Model tests of temporal structure (BETS)

Another Bayesian approach to assessing temporal structure consists in comparing the statistical fit of two models, one where the sequences are assigned their respective sampling times and one where the sequences are constrained to have the same sampling times. In practice, this is equivalent to comparing the fit of an isochronous and a heterochronous model. Such Bayesian Evaluation of Temporal Signal (BETS) can be performed by approximating the marginal likelihood of the two competing models and assessing their support via Bayes factors. It appears to be more powerful than the date randomisation test and the root-to-tip regression at detecting temporal signal [10]. In particular, the root-to-tip regression has been an essential tool to explore the quality of the data and to detect outliers, but it does not set a cut-off to determine the presence of temporal signal.

We conducted BETS tests using the SC and UCLN clock models and calculated the marginal likelihood using generalised stepping-stone [11,12]. An important consideration here is that all the priors should be proper (i.e. the area under the curve should be 1; Table 1). We set the marginal likelihood chain length to 105 steps, with a burn-in of 506 and with 200 path steps per β value.

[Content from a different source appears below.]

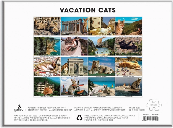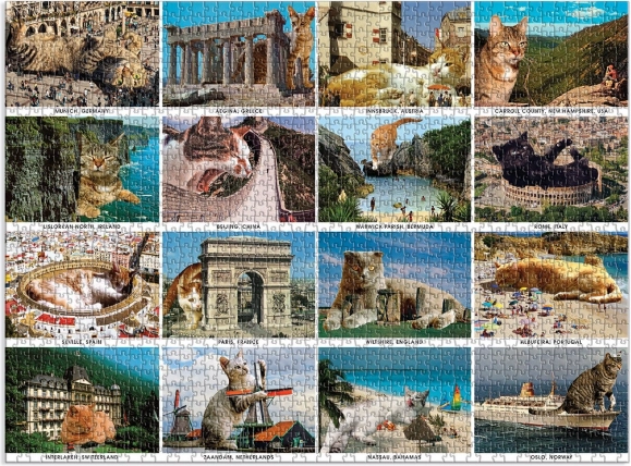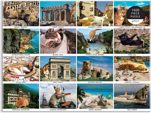 Divertente puzzle con gatti in vacanza da 1500 pezzi offre svago e relax. Include sedici fotografie realistiche, in cui puoi ammirare gatti che si godono luoghi famosi del mondo.

Our BETS analyses strongly supported the SC model with sampling times (SC heterochronous). This model had a log Bayes factor of 5.83 over the second-best model, which was the UCLN with sampling times. Isochronous models (i.e. sequences are constrained to have the same sampling times), where the evolutionary rate is fixed to an arbitrary value had the lowest statistical fit. These results indicate that there is sufficient temporal signal in these data to allow interpretation of evolutionary rate and date estimates.

Table 2. Marginal likelihood for BETS models and estimates of evolutionary rates and time to the most recent common ancestor (TMRCA). SC stands for strict clock and ULCN for the uncorrelated relaxed clock with an underlying lognormal distribution. Heterochronous analyses are those that include sampling times, and where the evolutionary rate and TMRCA can be estimated, while in the isochronous all sequences have the same sampling times. Note that in isochronous models the evolutionary rate is fixed at an arbitrary value, and thus the rate and TMRCA are not reported.

Model Marginal likelihood Evolutionary rate (subs/site/year) TMRCA
SC heterochronous -41028.38 1.23×10-3 (HPD: 5.63×10-4 – 1.98×10-3) 2019.89 (HPD: 2019.81 – 2019.95)
UCLN heterochronous -41034.21 1.29×10-3 (HPD: 5.35×10-4 – 2.15×10-3) 2019.87 (HPD: 2019.74 – 2019.95)
UCLN isochronous -41053.57 - -
SC isochronous -41053.70 - -

Conclusions

Our Bayesian analyses using the SC and UCLN clock models suggest that the 47 2019 n-CoV genomes available the 2nd of February of 2019 may have sufficient temporal signal. Accordingly, we infer that nCoV-2019 is evolving at a rate of around 1.26×10-3subs/site/year (average over the SC and UCLN model), similar to those of other human coronaviruses, and that it originated in late 2019, which is in agreement with earlier estimates by @arambaut in an earlier thread. As more data are collected, there may be stronger among-lineage rate variation as to warrant using a relaxed clock model, but we anticipate that evolutionary rates and times will be broadly similar to those estimated here.

Importantly, the molecular clock method should be carefully considered because its choice has an impact on the estimates and on the detection of temporal signal. In this situation, we found Bayesian approaches to be more powerful than LSD, probably because LSD requires more informative data (our alignment has 52 site patterns). We expect both methods to converge to similar estimates when more genomes are sequenced.

Because the outbreak recently emerged, the number of substitutions is still small, such that sequencing errors can have a considerable impact on estimates of evolutionary rates and timescales, and which can sometimes be inspected via a root-to-tip regression. Here we have taken a several precautions to mask potential sequencing errors, but these might have less of an impact when the virus accumulates more substitutions (Phylodynamic Analysis | 176 genomes | 6 Mar 2020 - nCoV-2019 Genomic Epidemiology - Virological).

References

  1. To T-H, Jung M, Lycett S, Gascuel O. Fast dating using least-squares criteria and algorithms. Syst Biol. Oxford University Press; 2016;65:82–97.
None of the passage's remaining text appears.